The model defined the process above may be augmented with physical metadata that provides a mapping from the logical E/R schema to the physical multi-dimensional metadata. The method of mapping comprises the following steps:

a. Each multi-dimensional data source (cube) is represented in the model and contains the following physical metadata:

i. Catalog name.

ii. Schema name.

iii. Cube name.

b. Each entity has associated with it the following physical metadata:

i. Dimension name.

ii. Hierarchy name(s).

iii. Entity semantics (“regular” dimension, time dimension, fact).

c. Each attribute representing a level in a hierarchy has associated with it the following physical metadata:

i. Name of the level in each hierarchy represented by the entity, unless the names are the same in all hierarchies, in which case only a single name is required.

ii. Ordinal number of the level in each hierarchy represented by the entity, unless the ordinal values are the same in all hierarchies, in which case only a single ordinal number is required.

iii. Level semantics.

d. Each attribute representing a property has associated with it the following metadata:

i. The level attribute in the entity with which the property attribute is associated.

ii. Property name.

iii. Data type.

e. Each attribute representing a fact/measure has associated with it the following physical metadata:

i. Measure name.

ii. Aggregator.

iii. Semi-aggregator.

iv. Datatype.

Optionally, the E/R schema is then adorned with additional metadata for the purposes of facilitating the translation of tabular queries posed against the model into multi-dimensional queries. The method for this comprises the following steps:

a. Each entity has associated with it the following additional metadata:

i. Balanced/Unbalanced.

ii. Ragged/Unragged.

iii. Single/Multi root.

b. Each attribute representing a fact/measure has associated with it the following additional metadata:

i. Original aggregate rule.

ii. Original semi-aggregate rule.

EXAMPLE SAP BW

In the following example, a reference to the business modeling application is a reference to an implementation of the multi-dimensional model to E/R translation system 10.

In one embodiment of the present invention, an implementation of the technology is designed to build an E/R schema for SAP BW (TM) (currently version 3.0B). Access is provided to all of the data sources accessible via the SAP OLAP Business Application Programming Interface (BAPI), including:

InfoCube

InfoQuery

Operational Data Store (ODS) via InfoQuery The ODS represents a staging area for transactional data prior to the construction of InfoCubes.

InfoSet via InfoQuery

Remote Cube

MultiProvider

The SAP BW multi-dimensional model exposed through SAP's OLAP BAPI is similar to the model defined as part of an OLE DB for OLAP specification. OLE is an intra and inter process communication mechanism. OLE DB is an application programming interface (API) built upon the OLE protocol for accessing tabular and relational databases. OLE DB for OLAP is an extension of the OLE DB interface for accessing multi-dimensional (mostly OLAP) data sources.

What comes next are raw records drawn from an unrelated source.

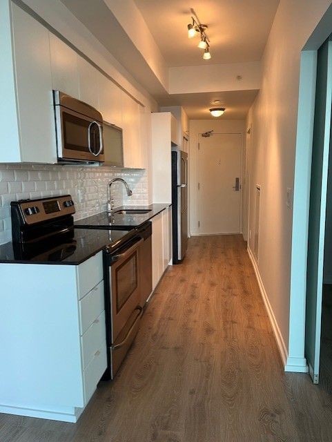Gorgeous, functional 1 bed & 1 bath condo in the heart of liberty village. Balcony with stunning s/w lakeview. Floor to ceiling windows allow for plenty of sunlight throughout. Spacious laundry room for extra storage. Includes storage locker on the same floor as the unit! Includes 1 oversized parking close to the elevator! 24 hr. Security and visitor parking. Walking distance from all amenities, transit, shopping, restaurants, everything you could possibly need! Enjoy all the conveniences of the urban lifestyle of liberty village along with all the extra conveniences this unit provides! Newly installed laminate flooring and baseboards (2024)
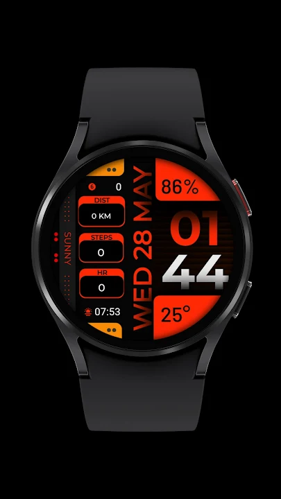 Digital Watch Face For Smartwatch Included Weather Info And Multi Color Theme
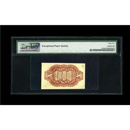 48B. CURRENCY – Notes sold referencing a third-party grading service are sold "as is" without any express or implied warranty, except for a guarantee by Auctioneer that they are genuine. Grading, condition or other attributes of any lot may have a material effect on its value, and the opinion of others, including independent grading services such as PCGS Currency, PMG, and CGA may differ with that of Auctioneer. Auctioneer shall not be bound by any prior or subsequent opinion, determination, or certification by any independent grading service. The grades assigned by any grading service to any note offered in any Heritage Currency Auctions of America sale represent the opinion of that grading service only,and may differ in material respects from the grade assigned to the same note in previous sales by HCAA or other auction companies, or from the grade that would be assigned by any other grading service. HCAA is unable to view any third party graded item outside of the holder, and specifically disclaims any liability of any kind to bidders who bid on third party graded items for mistakes of commission or omission by any grading service. Bidders are hereby notified that currency grading standards have changed in the past and are subject to change in the future, and that the only remedy bidder has with respect to third party graded notes is to deal directly with the grading service certifying the item. Bidders are also advised that Auctioneer makes no representation or guarantee that any item obtained by Bidder will be assigned any particular grade by any particular grading service, and as noted herein, Bidder specifically waives any claim to right of return of any item because of the opinion, determination, or certification, or lack thereof, by any independent grading service. Certain warranties may be available from the grading services and the Bidder is referred to them for further details: Paper Money Guaranty (PMG), PO Box 4711, Sarasota FL 34230; PCGS Currency, PO Box 9458, Newport Beach, CA 92658; Currency Grading & Authentication (CGA), PO Box 418, Three Bridges, NJ 08887.
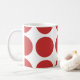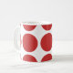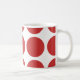 Cute et tendance Big Pois Mug. Ce design présente des pois grand cercle surdimensionnés en rouge et blanc. Un texte peut être ajouté à cette conception pour lui donner une touche personnelle.
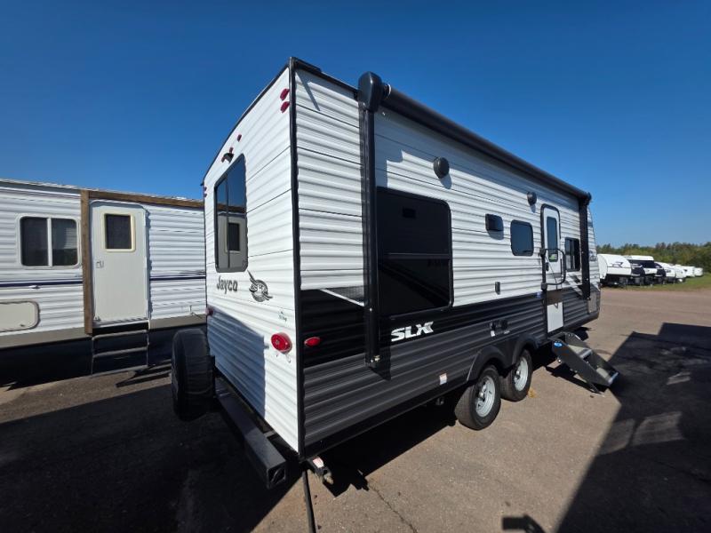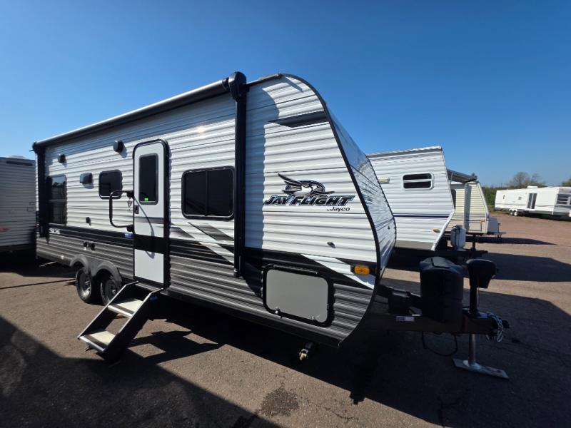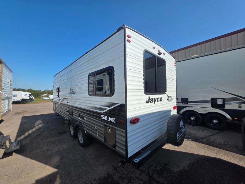 With any Jay Flight SLX 8 travel trailer by Jayco, you will have a durable foundation with l-Class cambered structural steel l-beams, a fully-integrated A-frame, seamless roof material and a Magnum Truss Roof System with plywood decking for a 50% stronger roof than any other in the industry. Also included are Goodyear Endurance tires made in the USA, and a front diamond plate to protect against road debris. Inside, you will love the fresh interior design, the solid hardwood cabinet doors, the 81-inch tall ceiling, the energy-saving LED lighting, and the storage. Whether you are looking for an RV for a small or large group, you will find a Jay Flight SLX 8 to fit your camping lifestyle!
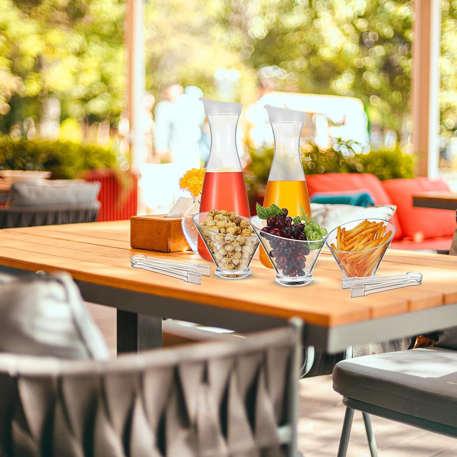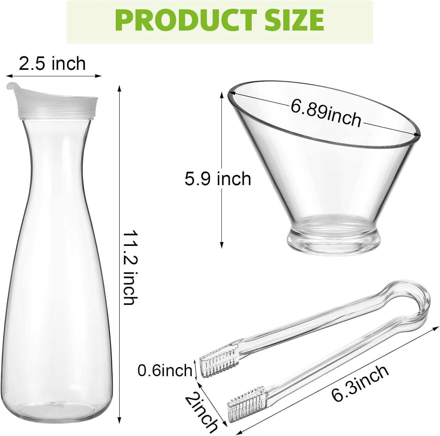 Features: Ideal choice: The plastic carafe's spacious design allows for easy addition of ice, fruit, or tea bags, ensuring your beverages stay chilled and flavorful. Specifications: Material: plastic Color: clear Size: (about) Plastic water carafe with lid: 47 oz Salad bowl: 6.89 x 5.9 inches Plastic buffet serving Tong: 6.3 x 2 x 0.6 inches Package includes: 4 x Plastic water carafe with lid 6 x Salad bowl 6 x Plastic buffet serving tong Notes: Manual measurement, please allow slight errors on size. The color may exist a slight difference due to different screen displays.

In addition to the translations to the SAP BW multi-dimensional model made by the OLAP BAPI layer, additional automated procedures are required to develop a complete E/R schema of an SAP BW data source, as detailed below. The multi-dimensional model to E/R translation system 10 (or business modeling application) provides these additional automated procedures.

Some issues are general to any OLAP data source and include:

Single vs. Multi Root

When generating data queries against an OLAP data source, it is important in some instances to know whether the root (highest) level of a hierarchy contains either one, or more than one, member.

The business modeling application invokes the GetMembers method of the OLAP BAPI to obtain the list of members at the root level of all hierarchies represented in an E/R schema to determine the value (true/false) of a property that is associated with the associated entity that indicates whether the hierarchy has a single root member or not.

Balanced & Ragged

Hierarchies may either be balanced or unbalanced. In a balanced hierarchy, all branches descend to the same level. In an unbalanced hierarchy, the only difference is that at least one branch of the hierarchy descends to a different level than all the others. That is, at least one member at the same level within a hierarchy has no descendants while its siblings do.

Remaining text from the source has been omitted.